Enhancement of learning rare Gene Ontology annotations
The strikingly improved performance of the network for rare (for example, level 3 to 10) GO annotations raises the question of why the network should show such an improvement for these cases. In particular, the related MouseFunc implementation of this algorithm was one of the top performers in the MouseFunc competition for the GO level 3 to 10 annotation predictions on held-out genes, and by a considerable margin in the BP and CC categories. One possibility for this enhanced performance relates to an intrinsic property of the network for allowing only functionally related genes to propagate annotation - that is, not all terms are considered as candidates for all genes, but rather only those genes directly linked to a gene carrying a term can be considered for having that term. This local connectivity produces two related effects, one on the prior odds of each annotation being awarded and one on the prior odds of each gene to receive the annotation. First, it awards terms in proportion to the prior odds of having that term - rare terms annotate only a few genes, which have limited neighbors, which in turn are the only genes considered for those terms, thereby resulting in those terms being assigned only rarely in the resulting predictions. Second, as indicated above, in addition to enforcing the low prior odds for awarding rare terms, only the linked genes can receive the rare term; not all genes have equal chances of being labeled with the term. We speculate that these dual effects may augment the network-based prediction of rare terms relative to the classification-based strategies.

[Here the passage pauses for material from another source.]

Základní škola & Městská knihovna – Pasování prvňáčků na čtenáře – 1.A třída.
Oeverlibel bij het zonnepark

Implications for discovery of remaining gene functions
One point in particular bears noting: the data employed in the MouseFunc competition represented only a small fraction of that currently available; thus, simply by including more of the data sets already in existence, we can expect a large improvement in prediction of the remaining gene functions. In particular, there is considerable additional mRNA expression data spanning diverse mouse/human tissues, cell types, and treatments (>500 mouse and >600 human DNA microarray datasets are available in the Gene Expression Omnibus database , >200 mouse and >300 human SAGE libraries are available in NCBI SAGEmap , and approximately 600 mouse and >6,000 human DNA microarray data sets are available from the Stanford Microarray Database ). There are also considerable data regarding protein interactions, such as human yeast two-hybrid protein interaction data (for example ), omitted from MouseFunc, and considerable data from comparative genomics approaches for inferring interactions (reviewed in ), such as the approaches of phylogenetic profiles, gene fusions, and conserved gene neighbors.

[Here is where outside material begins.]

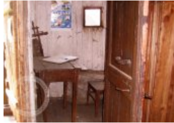
Současné fotografie - interiér - detaily stavebních prvků

While these latter methods do not measure protein sequence similarity, they require amino acid sequences to calculate, and therefore were excluded from the MouseFunc competition; they nonetheless add considerable value for analyzing animal gene functions. For example, knowledge of bacterial or archaeal homologs' operon organization has been shown to be a useful predictor of functional relationships among animal genes ; in the absence of sequence information, these data could not be included. Likewise, phylogenetic profiles based primarily upon eukaryotic genomes, as in the competition, are known to be much poorer predictors of gene functional associations than phylogenetic profiles based entirely upon bacterial genomes (for example, see [20, 33]). Beyond these data, incorporation of data from other species via orthology also offers a rich source of evidence likely useful for predicting mouse gene function. We estimate that these various data (not even considering orthologous data sets) represent approximately 120 million individual experimental observations, that is, more than ten-fold more data than employed in the MouseFunc competition. Thus, there is a great opportunity for data-mining approaches of the sort explored here to directly infer mouse gene functions even if limited to current datasets.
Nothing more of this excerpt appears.